DATASET =

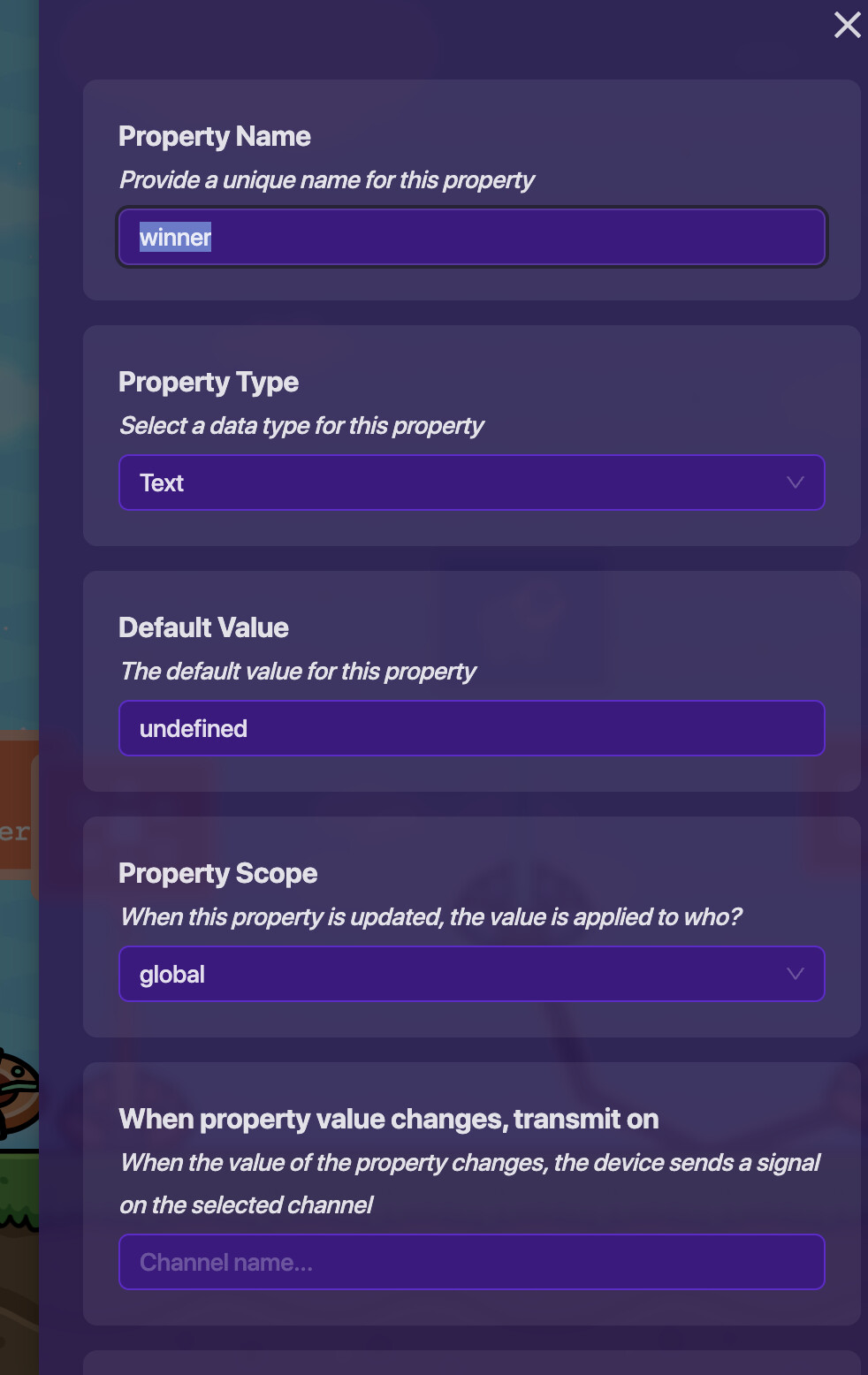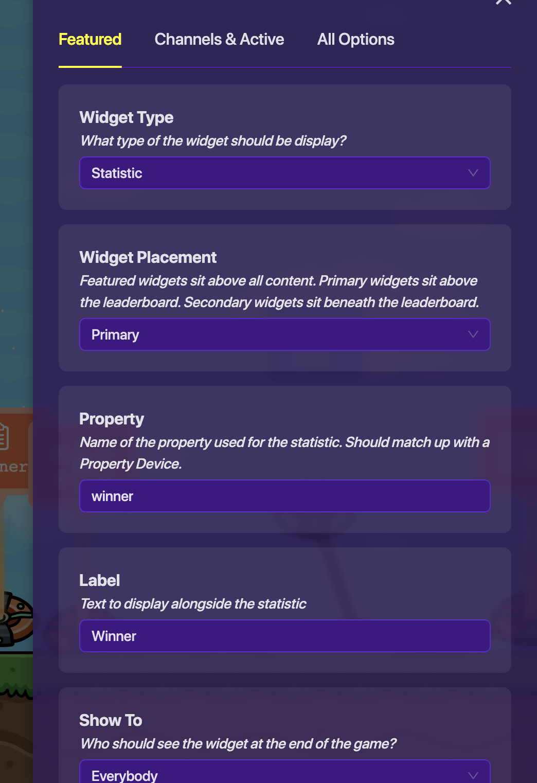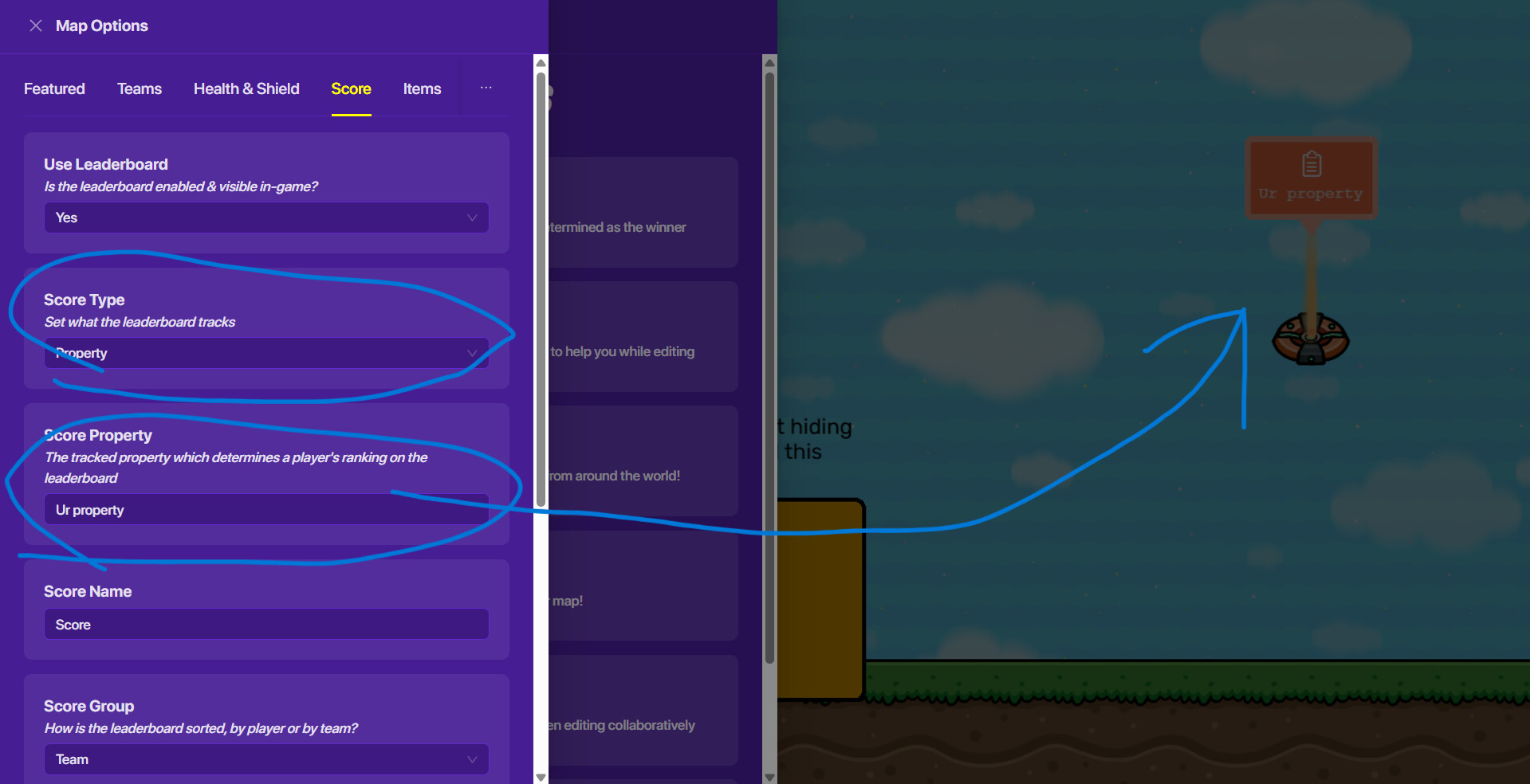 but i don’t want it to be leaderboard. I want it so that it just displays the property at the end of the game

---

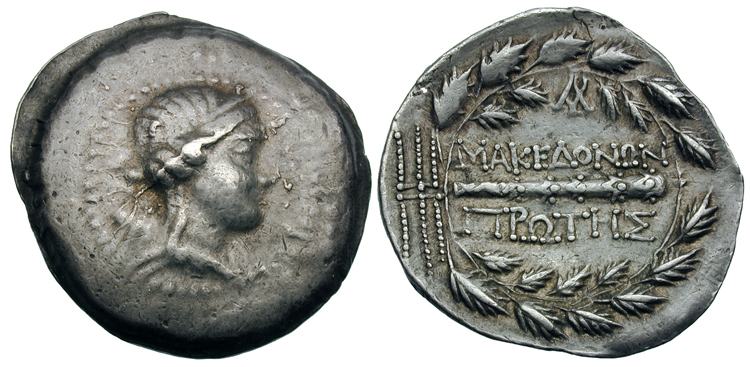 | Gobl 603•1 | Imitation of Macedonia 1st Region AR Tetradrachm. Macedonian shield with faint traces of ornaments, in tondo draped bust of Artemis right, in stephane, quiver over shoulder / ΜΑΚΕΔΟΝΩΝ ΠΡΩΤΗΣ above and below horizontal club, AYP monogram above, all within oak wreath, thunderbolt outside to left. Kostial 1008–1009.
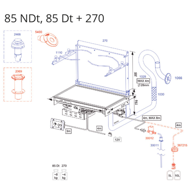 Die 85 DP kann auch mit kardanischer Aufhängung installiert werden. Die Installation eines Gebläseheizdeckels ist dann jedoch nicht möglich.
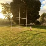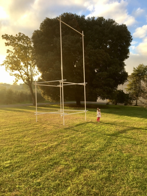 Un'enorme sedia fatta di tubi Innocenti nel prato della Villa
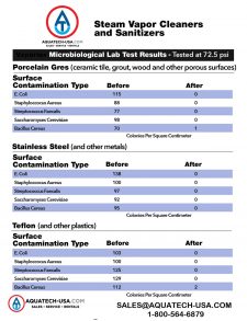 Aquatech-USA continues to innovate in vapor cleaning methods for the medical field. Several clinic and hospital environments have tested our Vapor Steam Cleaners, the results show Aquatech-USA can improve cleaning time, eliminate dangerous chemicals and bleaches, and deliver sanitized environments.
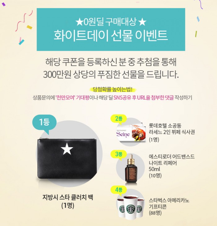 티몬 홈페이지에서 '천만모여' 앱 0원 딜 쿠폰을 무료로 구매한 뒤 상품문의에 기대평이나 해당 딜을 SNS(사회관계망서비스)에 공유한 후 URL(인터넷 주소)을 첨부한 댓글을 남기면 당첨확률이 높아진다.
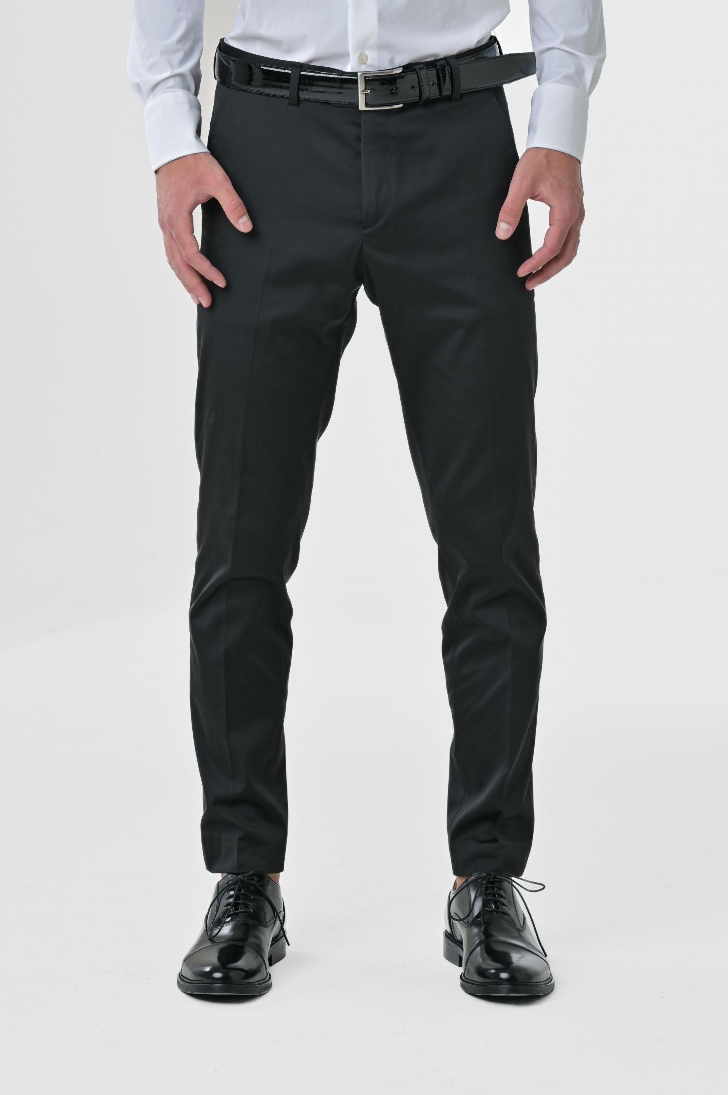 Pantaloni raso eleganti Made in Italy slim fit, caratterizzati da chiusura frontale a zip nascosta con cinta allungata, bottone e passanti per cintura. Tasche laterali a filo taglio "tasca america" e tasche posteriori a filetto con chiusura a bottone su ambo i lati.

TASK DESCRIPTION =
Among the records above, locate the line containing "티몬 홈페이지에서 '천만모여'" and the line containing "Pantaloni raso eleganti", then transcribe exactly the lines starting at the first and ending at the second, with no pictures.

REPLY TO THE TASK =
 티몬 홈페이지에서 '천만모여' 앱 0원 딜 쿠폰을 무료로 구매한 뒤 상품문의에 기대평이나 해당 딜을 SNS(사회관계망서비스)에 공유한 후 URL(인터넷 주소)을 첨부한 댓글을 남기면 당첨확률이 높아진다.
 Pantaloni raso eleganti Made in Italy slim fit, caratterizzati da chiusura frontale a zip nascosta con cinta allungata, bottone e passanti per cintura. Tasche laterali a filo taglio "tasca america" e tasche posteriori a filetto con chiusura a bottone su ambo i lati.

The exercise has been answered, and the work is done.